The Food and Drug Administration (FDA or Agency) is announcing the availability of the draft guidance entitled ``Hydrogen Peroxide- Based Contact Lens Care Products: Consumer Labeling Recommendations Premarket Notification (510(k)) Submissions.'' FDA is issuing this draft guidance to provide labeling recommendations for hydrogen peroxide-based contact lens care products (HPCPs) submitted in premarket notification (510(k)) submissions. The labeling recommendations in this draft guidance are intended to promote the safe and effective use of HPCPs and ensure that consumers receive and understand information regarding the benefits and risks associated with the use of the device.
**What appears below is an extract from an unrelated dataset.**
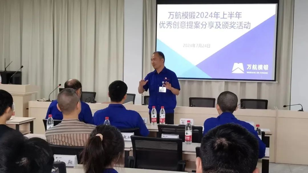 近日,萬航模鍛召開2024年上半年優(yōu)秀精益創(chuàng)意提案分享暨頒獎(jiǎng)儀式。副總經(jīng)理張鵬出席會(huì)議并講話,副總經(jīng)理蔣佳君,總經(jīng)理助理肖石出席會(huì)議。

This draft guidance is not final nor is it for implementation at this time.

The Food and Drug Administration (FDA, we, or the Agency) is establishing a regulatory category for over-the-counter (OTC) hearing aids and making related amendments to update the regulatory framework for hearing aids. Specifically, we define OTC hearing aids and establish applicable requirements; amend existing rules for consistency with the new OTC category; repeal the conditions for sale applicable to hearing aids; amend the existing labeling requirements for hearing aids; and update regulations relating to decisions on applications for exemption from Federal preemption that will become obsolete as a result of changes to the hearing aid requirements. In creating a regulatory category for OTC hearing aids and amending existing rules, we intend to provide reasonable assurance of safety and effectiveness for these devices as well as foster access to, and innovation in, hearing aid technology, thereby protecting and promoting the public health.